Kontakte: Auf Wunsch kann ich noch weitere Informationen bereitstellen. Einfach einen Kommentar hinterlassen oder E-Mail schreiben. Ich habe mehrere Kontakte zu Selbstorganisierern, die ich gegebenenfalls vermitteln kann (aber wo bleibt da das Abenteuer Backpacking 🙂 )

Weitere Tipps: Peter hat in den Kommentaren unten noch weitere Tipps. Danke!

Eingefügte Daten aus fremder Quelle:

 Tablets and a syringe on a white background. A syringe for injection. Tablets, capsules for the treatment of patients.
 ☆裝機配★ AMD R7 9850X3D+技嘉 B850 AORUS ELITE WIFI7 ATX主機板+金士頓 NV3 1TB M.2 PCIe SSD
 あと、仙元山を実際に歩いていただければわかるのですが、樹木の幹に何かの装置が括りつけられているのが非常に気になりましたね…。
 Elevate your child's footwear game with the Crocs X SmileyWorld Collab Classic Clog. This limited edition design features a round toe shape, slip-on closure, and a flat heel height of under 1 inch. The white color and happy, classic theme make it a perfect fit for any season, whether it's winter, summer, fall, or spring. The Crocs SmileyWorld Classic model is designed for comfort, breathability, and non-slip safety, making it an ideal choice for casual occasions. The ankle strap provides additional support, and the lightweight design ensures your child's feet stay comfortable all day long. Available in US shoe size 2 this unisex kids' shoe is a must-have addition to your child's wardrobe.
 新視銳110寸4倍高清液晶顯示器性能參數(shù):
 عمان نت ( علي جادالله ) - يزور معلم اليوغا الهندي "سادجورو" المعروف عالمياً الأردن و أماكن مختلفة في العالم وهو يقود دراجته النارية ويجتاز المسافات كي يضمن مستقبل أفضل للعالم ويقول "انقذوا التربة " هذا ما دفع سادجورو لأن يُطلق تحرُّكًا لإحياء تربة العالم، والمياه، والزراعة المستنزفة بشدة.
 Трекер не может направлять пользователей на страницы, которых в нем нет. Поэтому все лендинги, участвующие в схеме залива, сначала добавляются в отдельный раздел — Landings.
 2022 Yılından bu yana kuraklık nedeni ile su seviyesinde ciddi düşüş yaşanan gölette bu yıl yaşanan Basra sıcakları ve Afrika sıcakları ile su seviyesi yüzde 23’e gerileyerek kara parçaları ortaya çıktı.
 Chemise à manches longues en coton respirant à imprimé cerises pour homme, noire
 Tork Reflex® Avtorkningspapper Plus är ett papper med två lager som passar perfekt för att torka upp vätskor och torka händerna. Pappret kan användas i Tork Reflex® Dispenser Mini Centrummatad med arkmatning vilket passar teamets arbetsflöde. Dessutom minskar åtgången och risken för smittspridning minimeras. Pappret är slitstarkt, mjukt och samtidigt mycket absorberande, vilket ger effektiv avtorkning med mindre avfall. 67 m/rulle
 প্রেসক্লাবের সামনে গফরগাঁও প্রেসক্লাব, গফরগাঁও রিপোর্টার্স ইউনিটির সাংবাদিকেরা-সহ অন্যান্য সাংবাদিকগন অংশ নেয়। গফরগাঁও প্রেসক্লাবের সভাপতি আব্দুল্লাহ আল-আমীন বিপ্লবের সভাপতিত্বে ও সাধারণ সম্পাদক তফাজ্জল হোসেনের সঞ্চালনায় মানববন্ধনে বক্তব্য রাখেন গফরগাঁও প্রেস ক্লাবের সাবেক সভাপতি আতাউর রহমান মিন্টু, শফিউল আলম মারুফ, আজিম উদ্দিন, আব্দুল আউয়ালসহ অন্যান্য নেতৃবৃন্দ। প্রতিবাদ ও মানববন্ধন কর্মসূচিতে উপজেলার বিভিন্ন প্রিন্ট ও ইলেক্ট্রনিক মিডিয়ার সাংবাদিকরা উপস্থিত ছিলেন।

2 Antworten zu “Simien Mountains – Atemberaubend

  1. Hi Dominik 🙂
    wir haben uns auf der Tour zum Erta’Ale kennen gelernt, ich war der junge Deutsche mit den langen Haaren. Ich finde Deinen Blog echt gelungen und sehr interessant!
    Zu dem Artikel über die Simien Mountains hätte ich noch ein paar Tipps: Es gibt neben den Community Lodges in Gich und Sankaber auch noch welche in Buyit Ras und Chennek. Injera bekommt man überall zu essen, die Wahrscheinlichkeit, das Spaghetti vorhanden ist liegt nach meiner Erfahrung bei 50%. Außerdem gibt es meistens noch Omelette oder Rührei. Das Wasser aus den Brunnen ist mir ohne Entkeimungstabletten gut bekommen, es gibt ab und zu in Community Lodges aber auch Wasser in Flaschen zu kaufen.
    Viele Grüße

    Peter

    • Hallo Peter!
      Danke für die guten Tipps. Ich denke mit all diesen Infos kann man nun beruhigt und entspannt auch ohne Guide und Tour die Berge genießen.